Though it is becoming more common, the use of GPUs for non-graphics, general purpose programming remains a niche. Typical business and web programming still rarely
makes use of GPUs and there are a number of good reasons for this. Finding suitable performance bottlenecks and then porting an algorithm or business logic to make use
of a GPU can be time consuming, and the pay-off can be uncertain. Furthermore, the target hardware platform may not have a suitable GPU. Despite this, GPUs can have,
given the right task, massive performance gains.
NVIDIA still leads the way with general purpose GPU (GPGPU). Their CUDA language and associated tools and libraries make it relatively easy to get started in C/C++.
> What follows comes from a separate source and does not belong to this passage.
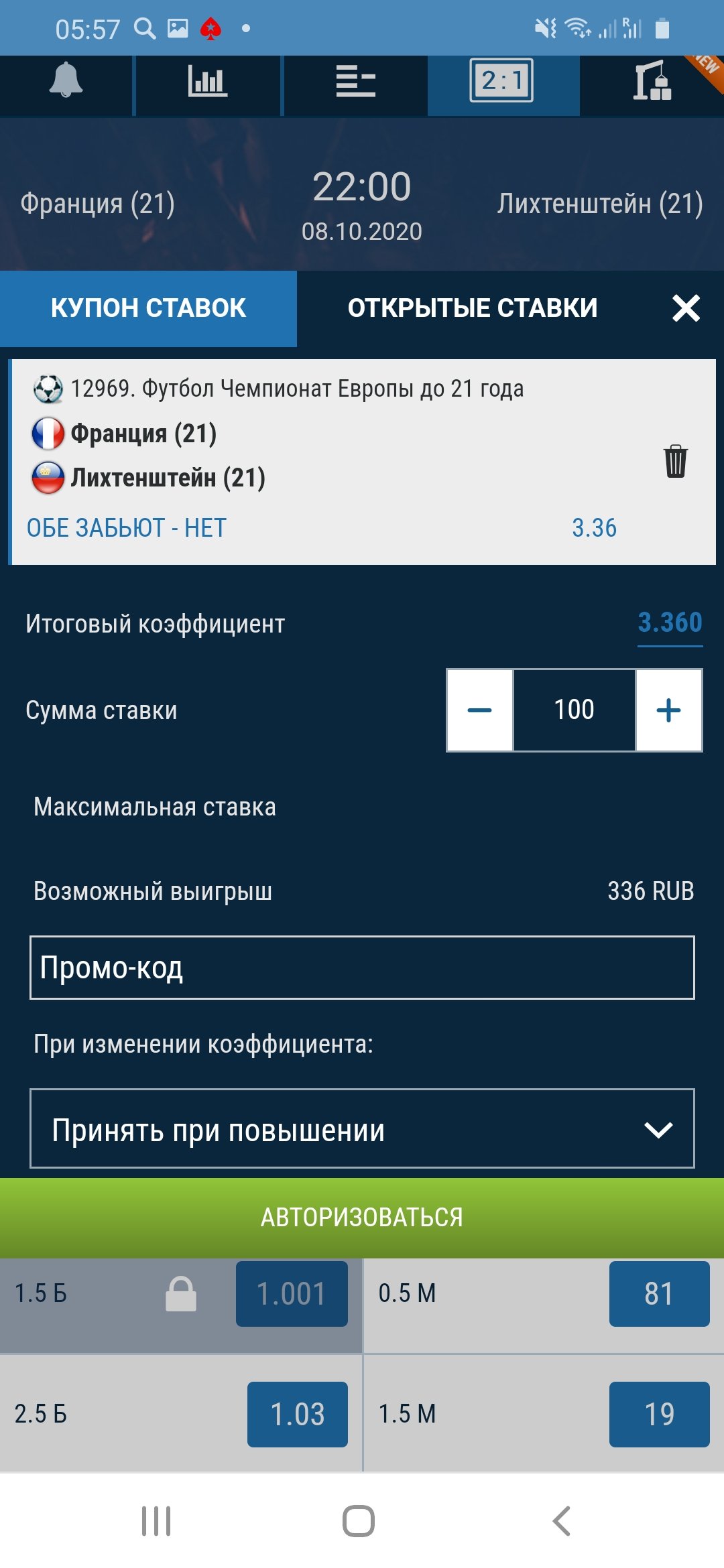 Одна из моих любимых позиций в футболе, это «обе забьют: нет» в матчах с явным фаворитом. Российские букмекеры просто безобразно ставят коэффициенты именно на этот исход. Коэффициенты всегда прыгают и меняются, сегодня с утра проснулся, начал смотреть линию, на матч Франция (21) – Лихтенштейн (21) на позицию «обе забьют: нет» стоял коэффициент 3,36. Ну как такое не брать?

In .NET, it is a different story, requiring the use of PInvoke and the so-called CUDA driver API. This is rather cumbersome. CUDA.NET simplified matters a little,
however the programming model remained that of the driver API, and kernel (GPU device) code still needed to be written in CUDA C. CUDAfy.NET goes a stage further
and hides much of the complexity of the driver API, allows kernel code to also be written in .NET, and uses standard .NET types (e.g., arrays of value types).
Configuring your PC
First, be sure you have a relatively recent NVIDIA Graphics Card, one that supports CUDA. You'll then need to go to the NVIDIA CUDA website and download
the CUDA 5.5 Toolkit. Install this in the default location. Next up, ensure that you have the latest
NVIDIA drivers. These can be obtained through an NVIDIA update or from the NVIDIA website.
The project here was built using Visual Studio 2010 and the language is C#, though VB and other .NET languages should be fine. Visual Studio Express can be used
without problem - bear in mind that only 32-bit apps can be created though. To get this working with Express, you need to visit the
Visual Studio Express website:
- Download and install Visual C++ 2010 Express (the NVIDIA compiler requires this)
- Download and install Visual C# 2010 Express
- Download and install CUDA 5.5 Toolkit (32-bit and/or 64-bit)
- Ensure that the C++ compiler (cl.exe) is on the search path (Environment variables)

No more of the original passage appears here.